Monitor BPOM’s Official List of Recognized GMP Certifiers and AOAC-Accredited Labs

BPOM has not yet published a consolidated, publicly searchable registry of approved GMP certifiers or AOAC-ILAC labs accepted for this purpose. Stakeholders should track BPOM’s official portal (www.pom.go.id) for updates, as acceptance is not automatic — even AOAC-ILAC accreditation alone does not guarantee BPOM recognition.

Update Internal Documentation Protocols Ahead of May 1

Customs brokers, QA teams, and procurement officers should revise internal checklists to require both documents *before* goods are released from origin warehouses. Relying on post-shipment submission is no longer viable: BPOM’s system now enforces document linkage at the time of import declaration.

Editorial Perspective / Industry Observation

From industry perspective, this policy shift is less a sudden disruption and more a formalization of long-emerging expectations around analytical traceability for natural ingredients. BPOM’s move aligns with broader ASEAN harmonization trends emphasizing method-validated identity and purity — particularly for materials lacking monographs in pharmacopoeias. Analysis来看, the dual-certification model signals BPOM’s intent to shift enforcement upstream: rather than relying solely on end-product testing, it now requires proof of consistent, internationally benchmarked control at the extraction and standardization stage. Current more appropriate understanding is that this is a compliance threshold — not a temporary pilot — given its inclusion in the official import list revision and clear implementation date.
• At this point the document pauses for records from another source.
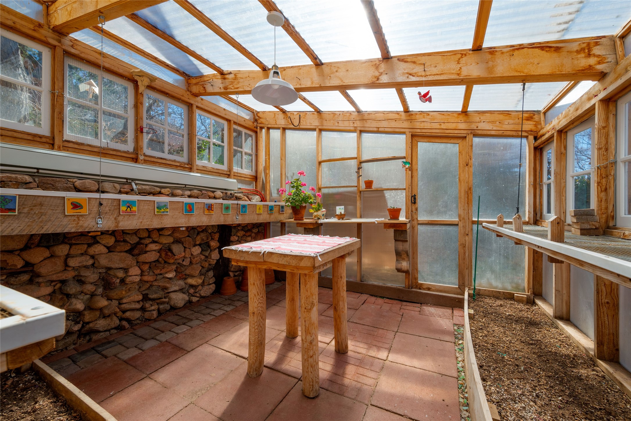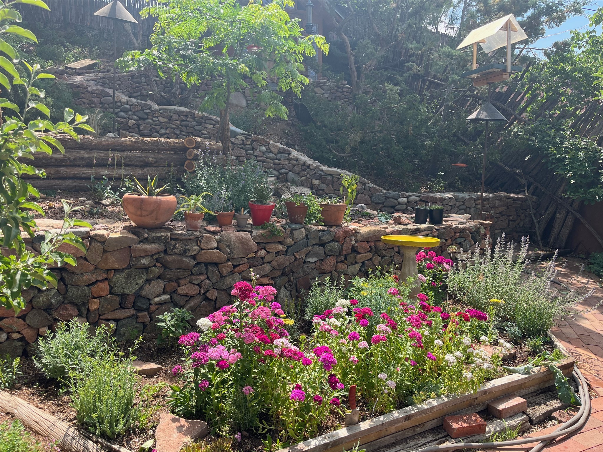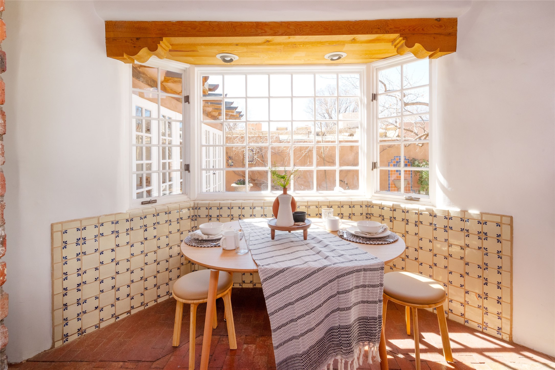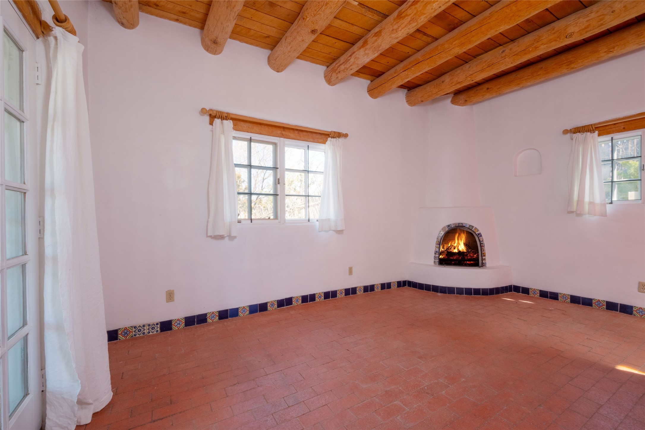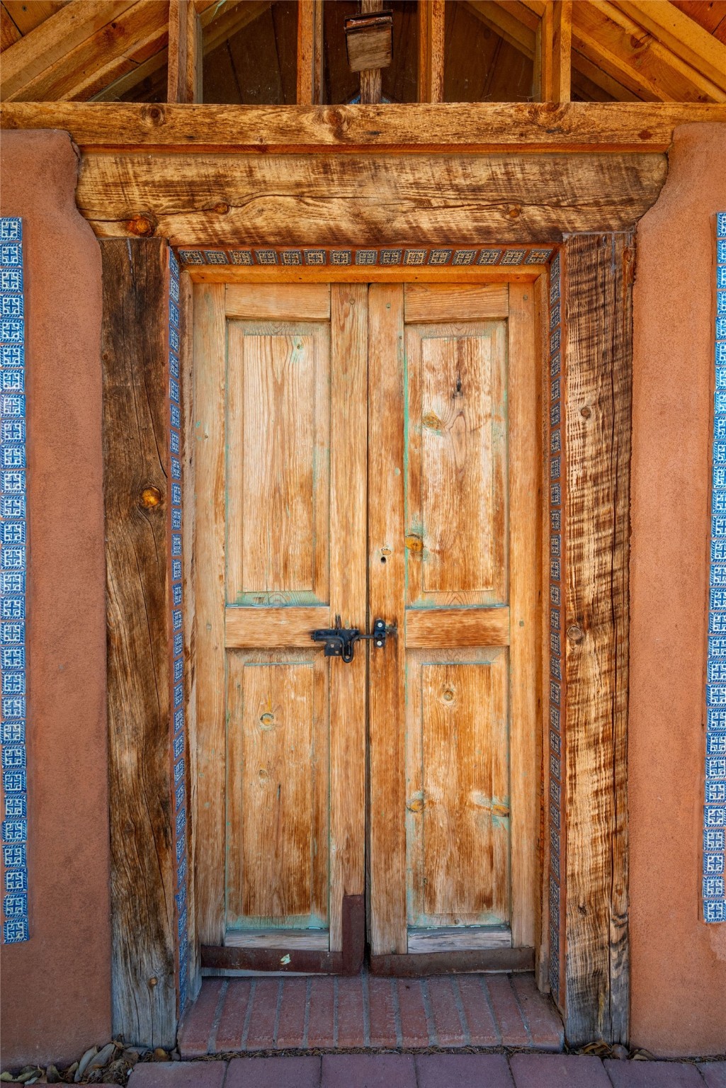 Upon entering the antique hand carved front doors, one is welcomed by a generous courtyard lined with multiple French doors filling the house with sunlight from morning to dusk. The beautiful bright hallway separates a private bedroom wing (2 bedrooms, 2 baths), laundry room, and office from the living room, breakfast nook and dining room area. The house has authentic New Mexican brick floors throughout and a traditional kiva fireplace surrounded by antique tiles. From the courtyard, an antique gate opens to hand-built stone walls, a year-round heated greenhouse, a terraced backyard filled with cactus and perennial gardens and apple trees. A tiled chapel sits high on the top of the property, offering views of the historic Lorenzo neighborhood. High above the house is the casita with 11 foot ceilings made of authentic split cedar latillas. There is a full kitchen, bath, bedroom and 2 kiva fireplaces. The living room and bedroom are accented by an expansive full length covered porch. The casita/guest house is surrounded by native New Mexican woodlands: pinon, juniper, cypress, chamisa, desert broom, purple aster and many other species, attracting birds and butterflies. The grounds are lined with brick walkways. The property is fully walled and fenced along the property lines, providing a private escape with plenty of room to explor and relax. The European style heaters were installed in 2025.
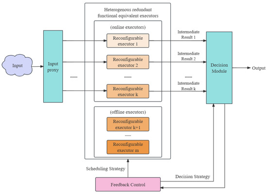 Motivated by the reliability theory and methods, one of implementations of the ESS theory is proposed, namely, the DHR architecture as shown in Figure 1, in which there are m functionally equivalent but heterogeneously implemented executors in total, and k executors among them are chosen to work at the same time (called online executors; this will lead to free executors, called offline executors). As shown in Figure 1, a traditional system can be considered a single executor system and the DHR architecture system is formed by its heterogeneous extension k times when working.
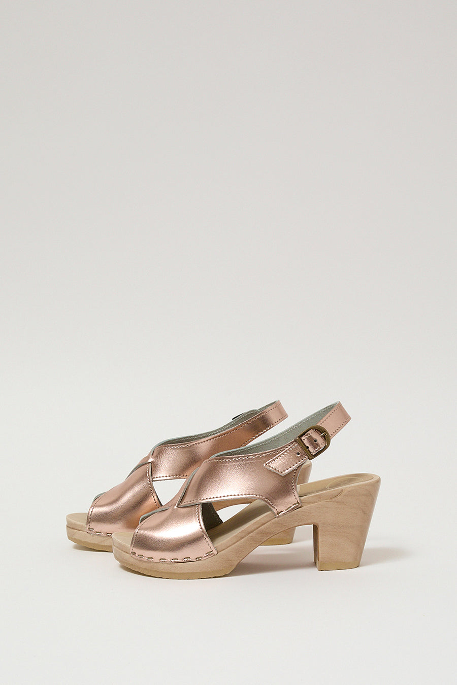 Cross front clog sandal with slingback strap on high heel. Metallic rose gold leather upper. Lacquered, lightweight wood base. Unlined. Surprisingly comfortable for a high heeled shoe. Unlined.
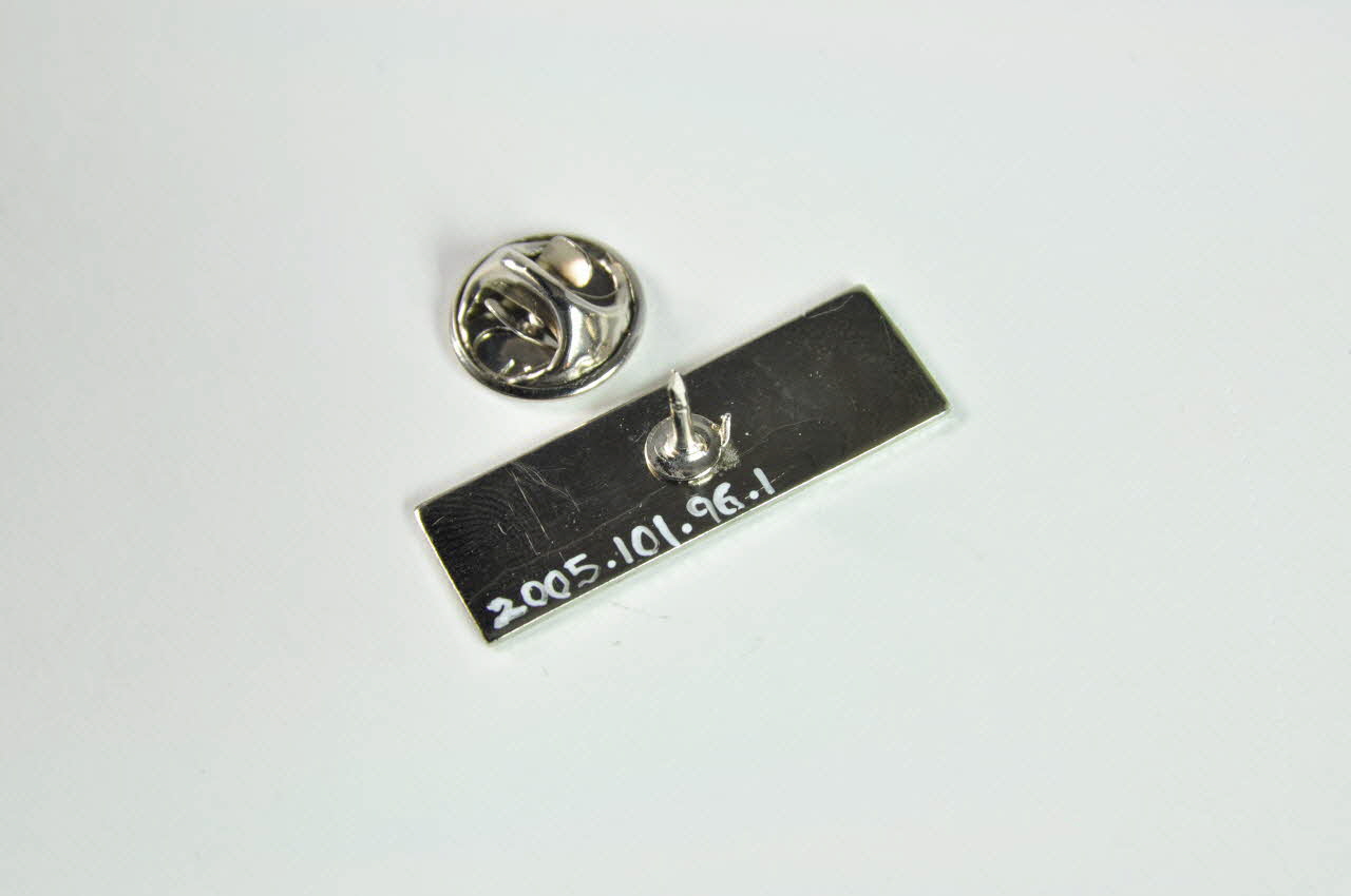 Métal moulé émaillé. / Petit pin's rectangulaire en métal gris, présentant sur un fond émaillé blanc le logo de AIDES en capitales bleues, précédé d'un ruban rouge.Décor
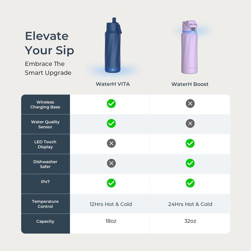 Great water bottle! Keeps water cold, tracks intake accurately, allows customizable sip reminders, and shows battery life.
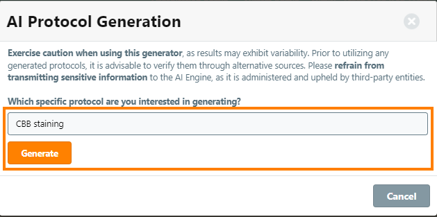 In the pop-up window, enter a prompt describing the type of protocol you wish to create and click the Generate button.
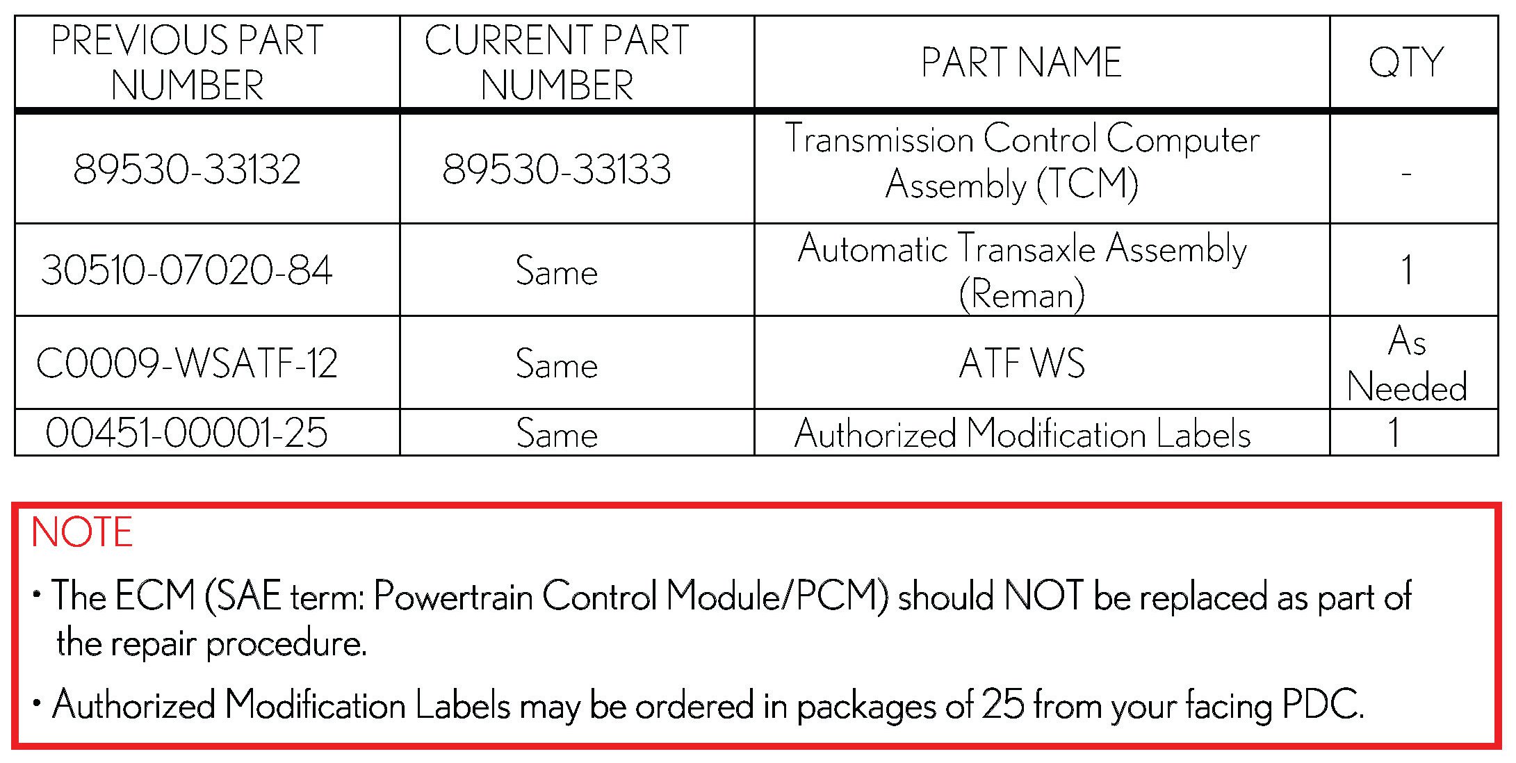 - ECM part number [Refer to the Parts Information section for the CURRENT PART NUMBER]
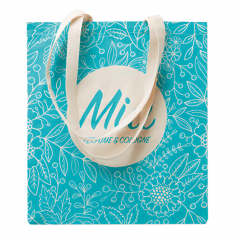 Confeccionada con algodón de alta calidad y diseñada para adaptarse a tus necesidades, cuenta con unas  dimensiones  de 38x42cm, proporcionándote mucho espacio para guardar tus artículos. Sus asas largas de 70x2cm te permiten llevarla al hombro con total comodidad, liberando tus manos para otras tareas.

Continued attention is warranted because BPOM has indicated future expansions may include additional natural product categories beyond botanical extracts.

In summary, BPOM’s updated requirement represents a structural tightening of import gatekeeping for botanical extracts — one that elevates documentation rigor over procedural convenience. It reflects a maturing regulatory posture focused on analytical accountability, not merely facility oversight. For stakeholders, this is best understood not as an isolated administrative change, but as a marker of evolving regional expectations for evidence-based natural ingredient trade.

Source: Indonesia BPOM Official Import List Update (April 24, 2026); BPOM Regulation No. HK.03.1.23.12.26.0001 (referenced in public notice). Subject to ongoing observation: BPOM’s forthcoming publication of recognized GMP certifiers and AOAC-ILAC lab list.